By taking a hard-headed, logical approach to what we're holding and why, I hope it's possible to get rid of some investments that have outlived their purpose but still have an emotional pull on us.

3. Looking closely at how dividends are funded

A common mistake investors make is to buy high-yielding stocks only to see their gains reduced or canceled altogether – and the stock price plummets as a result.

Holding stocks that maintain or continue to grow their dividends over the long term will hopefully help me get more out of my ISA than buying unusually high yielding companies, but I've seen them go down a lot.

So as an investor, I pay close attention to what a company's free cash flow is – and what I think might happen to it in the future, based on its business prospects.

4. Reducing fees and commissions

The easiest way to improve my ISA return is to reduce my spending on fees and commissions.

So I think it makes sense for me to consider the different Stocks and Shares ISAs available in the market and choose the one that best suits my needs.

5. Avoiding 'good' companies and looking for good

Most shares can give me a decent return on my ISA – but only a limited number give me a big come back. In advance it can be difficult to know which ones (or if everyone can buy!)

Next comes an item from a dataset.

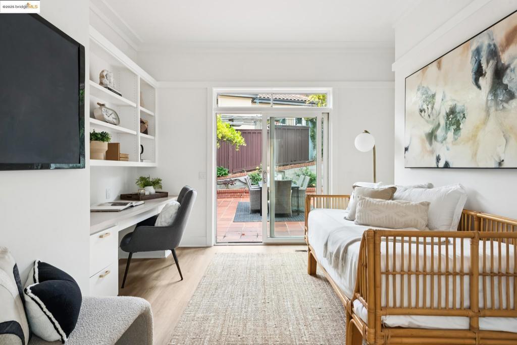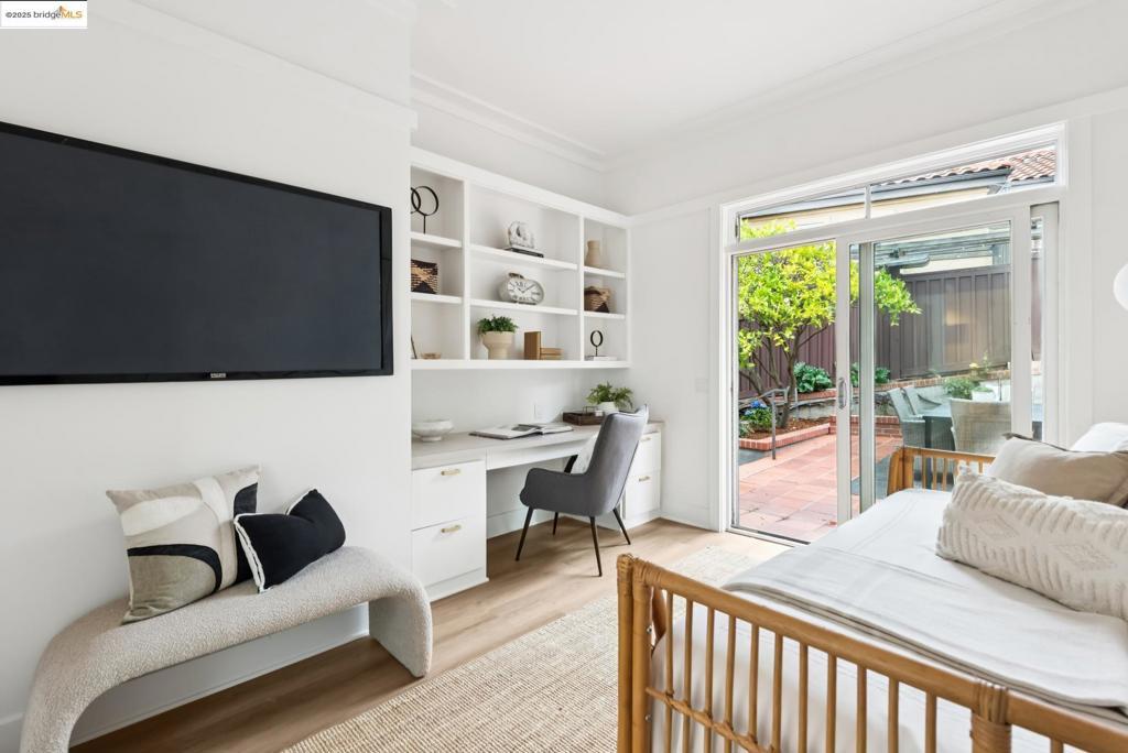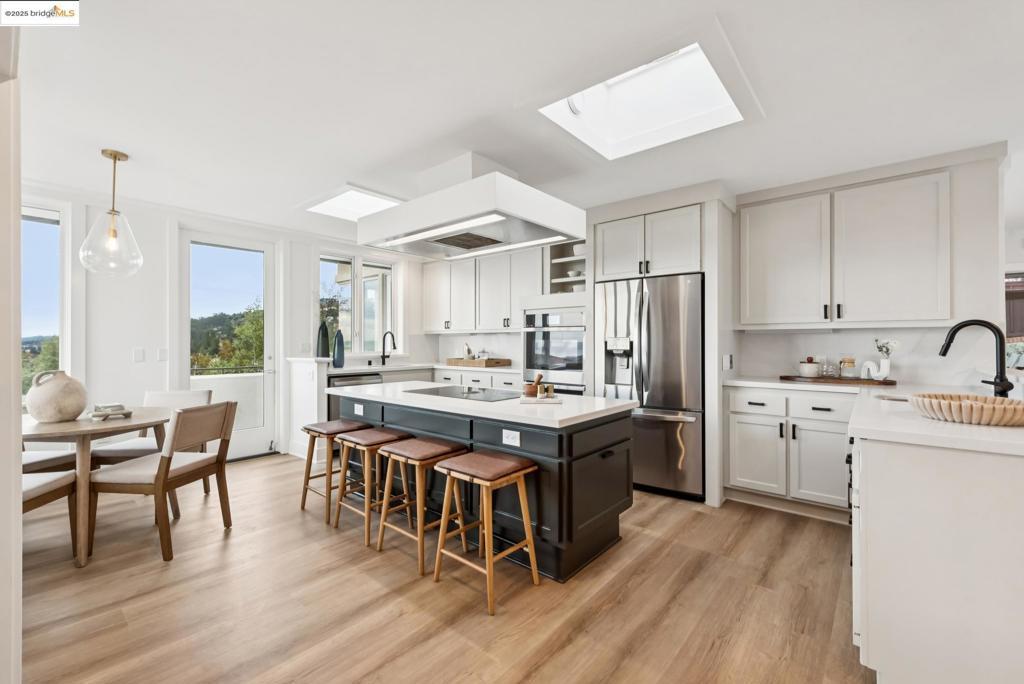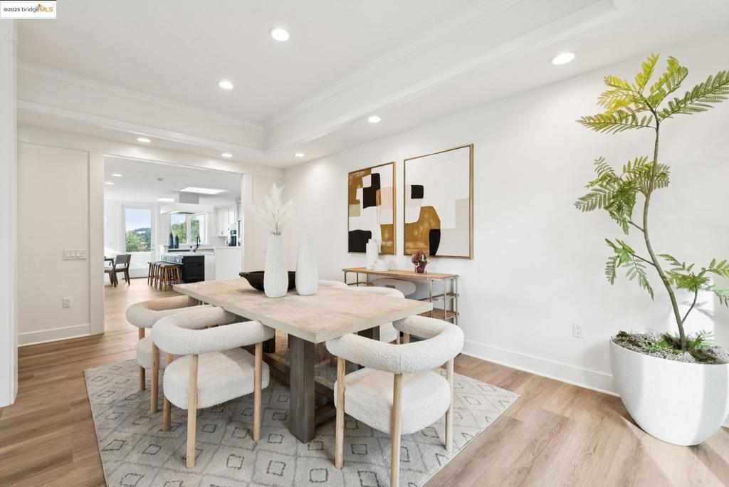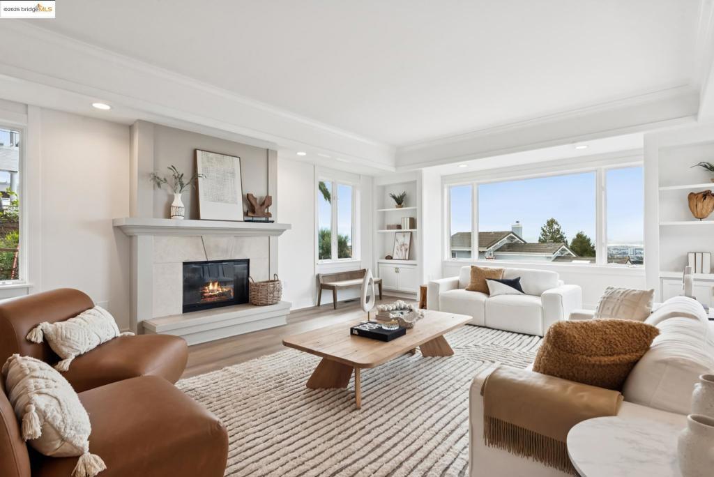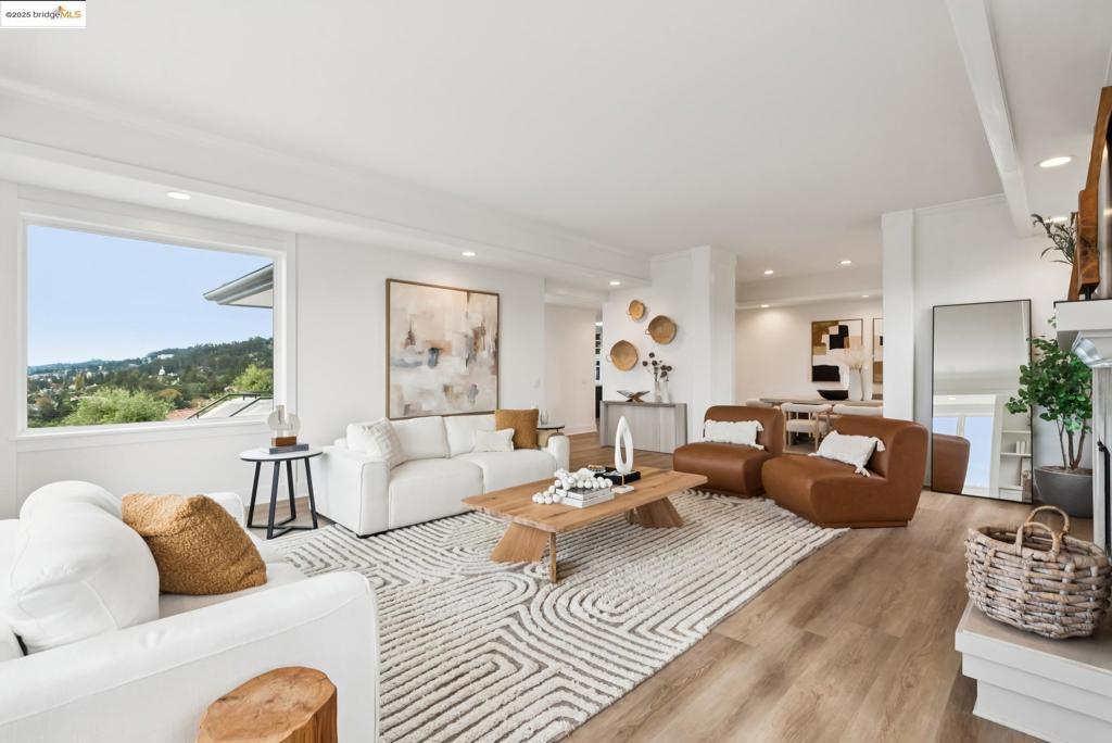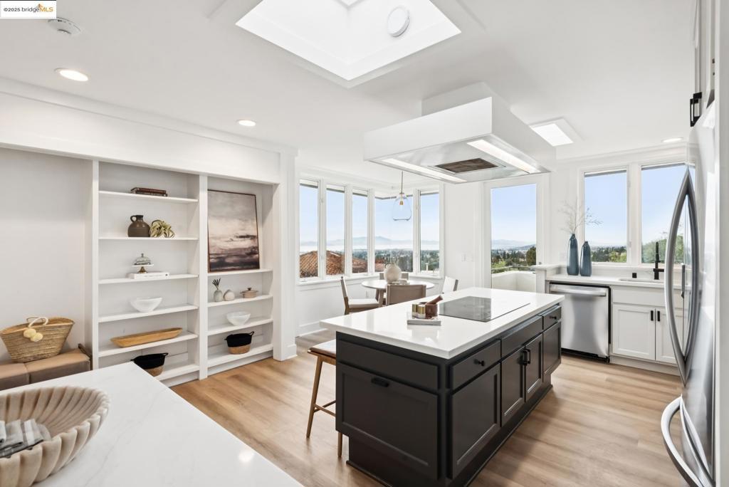 Perched in coveted Upper Rockridge, this contemporary home offers stunning panoramic views of the Bay and Berkeley Hills. The main level welcomes you with a gracious foyer and convenient elevator, opening to a spacious living room framed by expansive windows and breathtaking views. The large dining room and open, updated kitchen create a natural flow for entertaining. The primary suite features a brand-new spa-like bath, with two additional bedrooms and baths, laundry, and a powder room completing this level. A serene patio offers a private outdoor escape or ideal home office access. Downstairs, a separate suite with a generous family room, bedroom and bath provide flexible living space—perfect for guests, an au pair, or an in-law suite—with its own exterior entrance. A large garage with ample storage adds convenience and versatility. Ideally located near Rockridge shopping, dining, BART and top commuter options, this home combines style, comfort, and location in one exceptional package. Views: Downtown

So I look at some aspects. Consider for example my role in it British American cigars (LSE: BATS).

The company ticks a lot of boxes for me. Its market is huge. It has a number of competitive advantages within that market, from global distribution networks to a premium product portfolio.

Its balance sheet may carry a bit of debt, to be fair, but British American is a proven cash generator and very profitable. Indeed, the share yields 8.6% and has raised its yield every year for decades.

Another risk is that the demand for cigarettes, although still high, is decreasing. But British American has been growing its non-tobacco business. I have no plans to sell this high income share!